* **What you are asked to do**:
Output exactly the lines of the listing below that run from the line with "(251008) -- BUENOS" through the line with "We present estimates". No pictures.

* **Records provided**:
##########

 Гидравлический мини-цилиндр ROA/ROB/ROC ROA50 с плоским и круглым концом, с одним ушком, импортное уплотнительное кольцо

##########

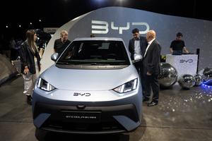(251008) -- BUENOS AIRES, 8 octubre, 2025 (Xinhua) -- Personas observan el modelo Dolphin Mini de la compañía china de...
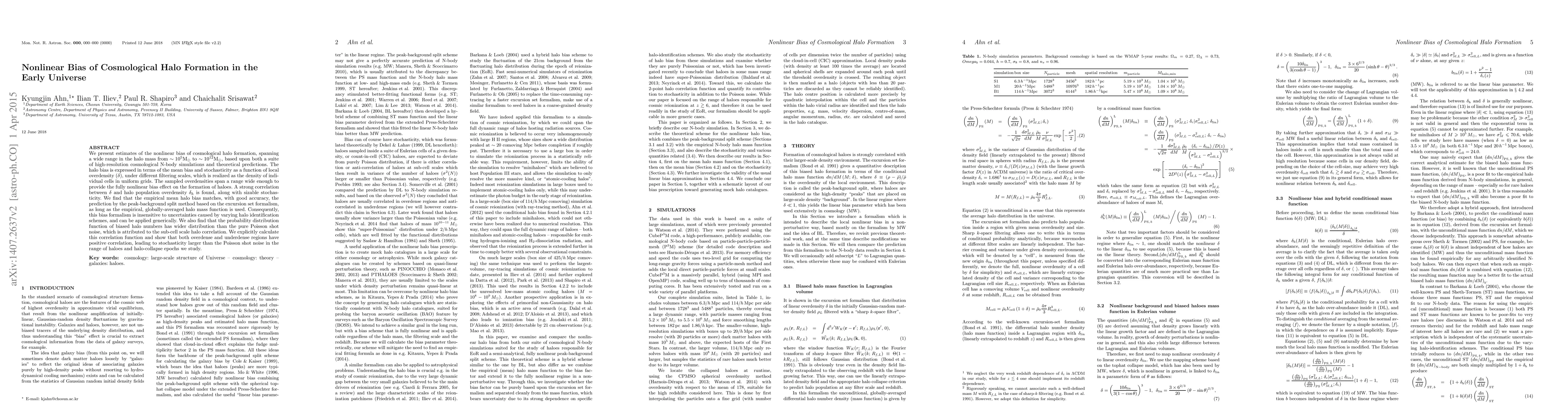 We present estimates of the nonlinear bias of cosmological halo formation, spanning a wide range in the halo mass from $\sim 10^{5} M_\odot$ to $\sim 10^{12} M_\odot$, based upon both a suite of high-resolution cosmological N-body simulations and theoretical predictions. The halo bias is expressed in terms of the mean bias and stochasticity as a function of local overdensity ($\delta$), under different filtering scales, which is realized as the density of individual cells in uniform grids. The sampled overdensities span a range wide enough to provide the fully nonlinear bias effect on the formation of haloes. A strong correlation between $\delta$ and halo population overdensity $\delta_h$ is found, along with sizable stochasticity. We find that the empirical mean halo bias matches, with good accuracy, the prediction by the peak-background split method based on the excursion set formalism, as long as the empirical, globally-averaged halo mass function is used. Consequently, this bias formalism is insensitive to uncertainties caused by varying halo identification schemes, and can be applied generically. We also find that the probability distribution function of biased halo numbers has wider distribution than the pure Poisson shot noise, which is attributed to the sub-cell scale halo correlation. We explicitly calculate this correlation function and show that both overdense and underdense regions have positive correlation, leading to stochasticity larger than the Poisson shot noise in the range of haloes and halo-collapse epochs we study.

##########

* **The completed task**:
(251008) -- BUENOS AIRES, 8 octubre, 2025 (Xinhua) -- Personas observan el modelo Dolphin Mini de la compañía china de...
 We present estimates of the nonlinear bias of cosmological halo formation, spanning a wide range in the halo mass from $\sim 10^{5} M_\odot$ to $\sim 10^{12} M_\odot$, based upon both a suite of high-resolution cosmological N-body simulations and theoretical predictions. The halo bias is expressed in terms of the mean bias and stochasticity as a function of local overdensity ($\delta$), under different filtering scales, which is realized as the density of individual cells in uniform grids. The sampled overdensities span a range wide enough to provide the fully nonlinear bias effect on the formation of haloes. A strong correlation between $\delta$ and halo population overdensity $\delta_h$ is found, along with sizable stochasticity. We find that the empirical mean halo bias matches, with good accuracy, the prediction by the peak-background split method based on the excursion set formalism, as long as the empirical, globally-averaged halo mass function is used. Consequently, this bias formalism is insensitive to uncertainties caused by varying halo identification schemes, and can be applied generically. We also find that the probability distribution function of biased halo numbers has wider distribution than the pure Poisson shot noise, which is attributed to the sub-cell scale halo correlation. We explicitly calculate this correlation function and show that both overdense and underdense regions have positive correlation, leading to stochasticity larger than the Poisson shot noise in the range of haloes and halo-collapse epochs we study.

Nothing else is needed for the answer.